Paul Krugman writes in his Times column:
You don't have to be a civil engineer to realize that America needs more and better infrastructure, but the latest "report card" from the American Society of Civil Engineers — with its tally of deficient dams, bridges, and more, and its overall grade of D+ — still makes startling and depressing reading. And right now — with vast numbers of unemployed construction workers and vast amounts of cash sitting idle — would be a great time to rebuild our infrastructure. Yet public investment has actually plunged since the slump began.
Or what about investing in our young?
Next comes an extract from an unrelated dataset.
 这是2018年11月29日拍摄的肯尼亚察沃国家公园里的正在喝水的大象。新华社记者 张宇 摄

We're cutting back there, too, having laid off hundreds of thousands of schoolteachers and slashed the aid that used to make college affordable for children of less-affluent families.
Yet as Harvard economist Edward Glaeser has written elsewhere (including here in the New York Times), not all infrastructure investment makes sense. In the 1980s, Detroit used federal aid to build a futuristic People Mover, which, as Professor Glaeser puts it, "now glides quietly over essentially empty streets" in a failed city. The civil engineers aren't exactly a neutral party — more construction spending means more work and money for them. And why is it that with all those traffic slowdowns alongside orange "This Project Funded by the Recovery Act" signs, the infrastructure is still supposedly in such bad shape?
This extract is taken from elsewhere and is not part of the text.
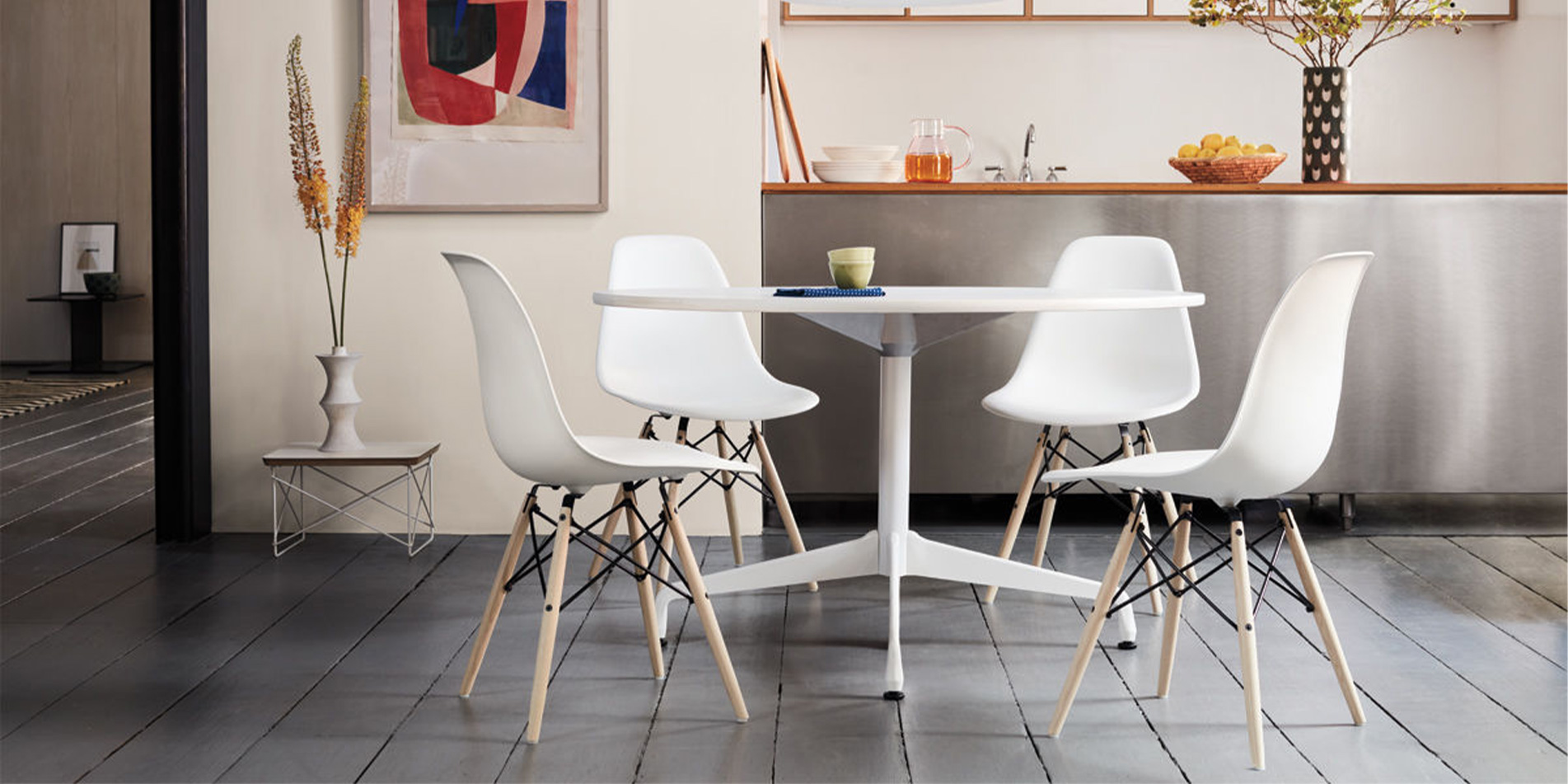 임스 몰디드 플라스틱 사이드 체어, 우드베이스, DSW

As for the supposed teacher layoffs, the graph of local government education employees to which Professor Krugman links shows an enormous climb, from about 2 million in 1960 to about 8 million in 2010, followed by a tiny dip. Did the population of American schoolchildren quadruple during this period? Did educational quality quadruple? Did test scores quadruple? The graph doesn't show any layoffs. The decline in employment in the past year or two may have been the result of voluntary retirements, or of layoffs of local government education employees other than teachers — for example, bureaucrats. And as E.J. McMahon writes, "relative to pupil enrollment, local school employment remains higher than it was in 2000, the peak of the nation's last sustained economic expansion. (Specifically, as of July 2000, there were 130 local government education employees per 1,000 pupils enrolled in the fall of 2000. As of July 2012, local government education employment came to 132 workers per 1,000 pupils in projected fall enrollment.)"
As for the supposed slashing of "the aid that used to make college affordable for children of less-affluent families," the real problem in college affordability isn't the result of any cutbacks in aid. In fact, under President Obama spending on Pell Grants reportedly more than doubled, to $40 billion in 2012 from $16 billion in 2008. If anything is making college less affordable, it isn't reductions in aid, but rather the soaring salaries and benefits for professors like Mr. Krugman and his colleagues at Princeton and other elite universities, who, like Mr. Krugman, often busy themselves with outside work (writing for the New York Times) in addition to their jobs educating students at the colleges. On top of that comes the cost of hiring university employees to comply with the ever-growing list of regulations (mandated mental health and contraceptive services, environmental and disabilities) that Professor Krugman's allies on the left heap upon the colleges.